Как помирал исламист
Окончание
«Где же все, однако?» – встрепенулся он. Ему не хватало действия,
акта! В прихожей, куда вышел Владислав, никого не оказалось. На
двери была пришпилена записка. Владислав поискал очки в карманах,
поискал в своей комнате, заглянул на кухню. На кухне под столом
он обнаружил Андрюшу, тот забрался под стол прямо в обуви.
– Э-э-э, – протянул Владислав. – Раньше бы сказали: тебя за уши
выдрать? Но я тебе просто скажу: нельзя разгуливать по квартире
в обуви. Ты уже взрослый и сам должен знать.
– Я испугался, – признался малыш, – когда все стали кричать. Дедушка,
они не любят тебя?
– Да нет… Любят. Это любовь такая у них.
– А я их боюсь. Я, когда они ко мне ушли, убежал сюда. Я же думал,
мы гулять пойдем…
– Так здесь все?
– Я ж говорю, здесь. В моей комнате. Сидят, разговаривают…
– В детской?
– Да.
– Ладно… Снимай обувь, аккуратно отнеси вон туда. И пол за собой
протри.

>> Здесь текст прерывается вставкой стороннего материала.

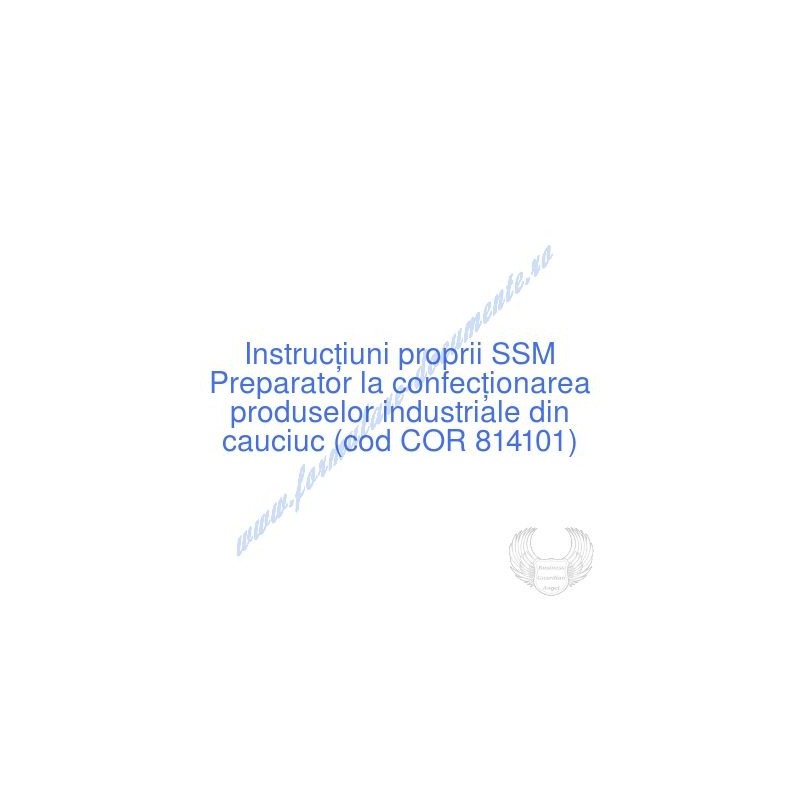 Aceste documente OBLIGATORII pentru ocupantul postului de Preparator la confecţionarea produselor industriale din cauciuc (cod COR 814101), sunt complet întocmite, respectând cerințele Codului muncii actualizat 2023, Legii securității și sănătății în muncă nr. 319/2006 (actualizată 2023), H.G. 1425/2006 (actualizată 2023) și răspund tuturor cerințelor standardelor de calitate referitoare la management (ISO 9001/ ISO 14001/ ISO 22000/ SR OHSAS 18001:2008/ ISO 45001:2018 etc.). Cuprinsul IPSSM pentru instruirea angajatului pe funcția de Preparator la confecţionarea produselor industriale din cauciuc :

Швабра знаешь, где?
Владислав еще раз пошнырял в карманах, взял со стола треснутые
женины очки, аккуратно скрепил их пальцами и застрявшие в паутинке
буквы при некотором усилии сложил в три строки: «Мы ушли от твоего
издевательства. Вернемся, когда перекипишь. Максим».
– Ага, ушли… – промычал Владислав. Он снял очки, одно стекло выпало
и упало на пол.
Тихонько, на цыпочках, Владислав проследовал в свою комнату. В
кухне малыш возился с долговязой шваброй.
В комнате, с трудом опустившись опять на колени, Владислав отпер
шкафчик. Там, в картонной коробке, наподобие той, в которой дети
держат сваленными в кучу игрушки, находился старый, еще времен
оно, актерский реквизит. Владислав погрузил руку на самое дно
и вытащил пистолет. Бутафорский. Тот, что, как и ружье, выстреливает
в последнем акте. Пистолет этот не стрелял –надцать, а может,
и –сят лет. Владислав грубо вытер его о штанину и, не раздумывая,
нажал на курок. Послышался жалкий щелчок, и ничего. Владислав
нажал еще раз, уже как-то удивленно. Оглушительный звук пронесся
по комнате, зазвенел в стеклах, прогудел в ламбрекене и спугнул
двух голубей на карнизе, разлетевшихся в разные стороны. Затем
послышался стук упавшей на пол швабры. Первым в комнату влетел
Андрюшка и тотчас же глазами выискал пистолет, выхватил его и
с любопытством заглянул в дуло.
– Ух ты! А он по-настоящему стреляет?
– Вот если сейчас все сбегутся, значит, по-настоящему.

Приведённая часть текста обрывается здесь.